In practice, there are several steps that data brokers and others might take to comply with the Oregon law. Such measures might include segregating and tagging Oregon (and Maryland) location data collected, storing such data in separate databases or partitions and applying restricted processing rules. A data broker, for example, might remove or obfuscate precise geolocation data for Oregon residents to show aggregated neighborhood-level data for sale, but not the exact locations visited by consumers. Overall, compliance might include a multi-step filtering and data governance and audit process to comply with HB 2008 and similar laws.
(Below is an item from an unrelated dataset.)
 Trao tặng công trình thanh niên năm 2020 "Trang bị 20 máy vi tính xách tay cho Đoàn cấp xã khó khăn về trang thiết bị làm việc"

By following Maryland’s lead, Oregon has highlighted a potential shift at the state level towards expanding data privacy protection for highly sensitive digital information like location data. Legislators in CaliforniaMaineMassachusetts, and Vermont are considering similar geolocation privacy measures. As data privacy laws continue to evolve at the state level, business need to stay informed of new requirements, adjust their policies, and regularly reassess their compliance posture.


[1] The Oregon Consumer Privacy Act is codified at ORS 646A.570-646A.589.  Specially, HB 2008 amends ORS  646A.578.
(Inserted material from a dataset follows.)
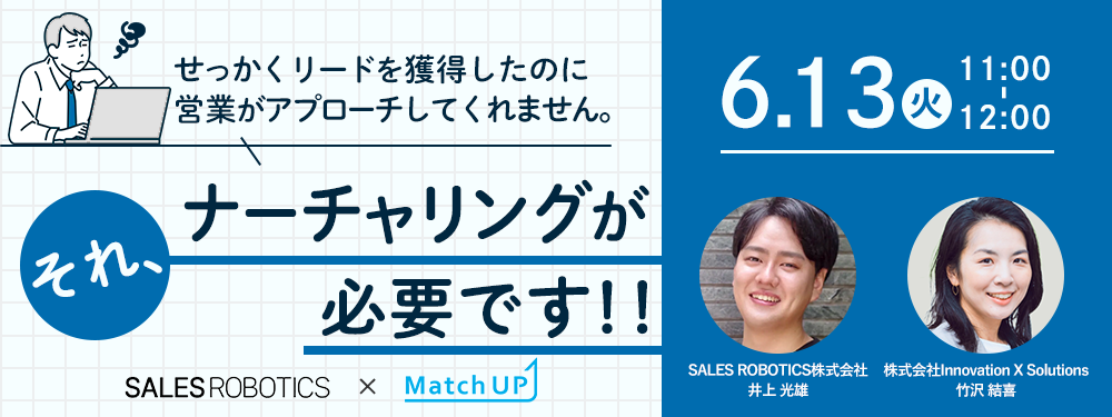 (本社:東京都渋谷区、代表取締役社長:遠藤俊一、以下「Innovation X Solutions」)は、「せっかくリードを獲得したのに営業がアプローチしてくれません。それ、ナーチャリングが必要です!!」をテーマとした共催セミナーを

[2] As to the additional restrictions on the sale of data of minors, Oregon’s amendments go beyond the federal Children’s Online Privacy Protection Act (COPPA) which apply only to children under thirteen (though, a bipartisan bill that would strengthen COPPA’s protections, named “COPPA 2.0,” has been reintroduced in the U.S. Senate).

[3] It should be noted that last year, Maryland enacted the “Maryland Online Data Privacy Act,” which regulates the ways in which a data controller or processor may process the consumer’s personal data and which contains a provision that bans the sale of “sensitive data,” including precise location data. The Maryland law becomes effective later this year in October 2025. Other states are also considering similar restrictions on location data sharing. Meanwhile, the FTC has in recent years continued its enforcement focus on the sharing of location data without informed consumer consent.

[4] “Sale” or “sell” means the exchange of personal data for monetary or other valuable consideration by the controller with a third party.

      (b) “Sale” or “sell” does not include:

      (A) A disclosure of personal data to a processor;

      (B) A disclosure of personal data to an affiliate of a controller or to a third party for the purpose of enabling the controller to provide a product or service to a consumer that requested the product or service;

      (C) A disclosure or transfer of personal data from a controller to a third party as part of a proposed or completed merger, acquisition, bankruptcy or other transaction in which the third party assumes control of all or part of the controller’s assets, including the personal data; or

      (D) A disclosure of personal data that occurs because a consumer:

      (i) Directs a controller to disclose the personal data;

      (ii) Intentionally discloses the personal data in the course of directing a controller to interact with a third party; or

      (iii) Intentionally discloses the personal data to the public by means of mass media, if the disclosure is not restricted to a specific audience.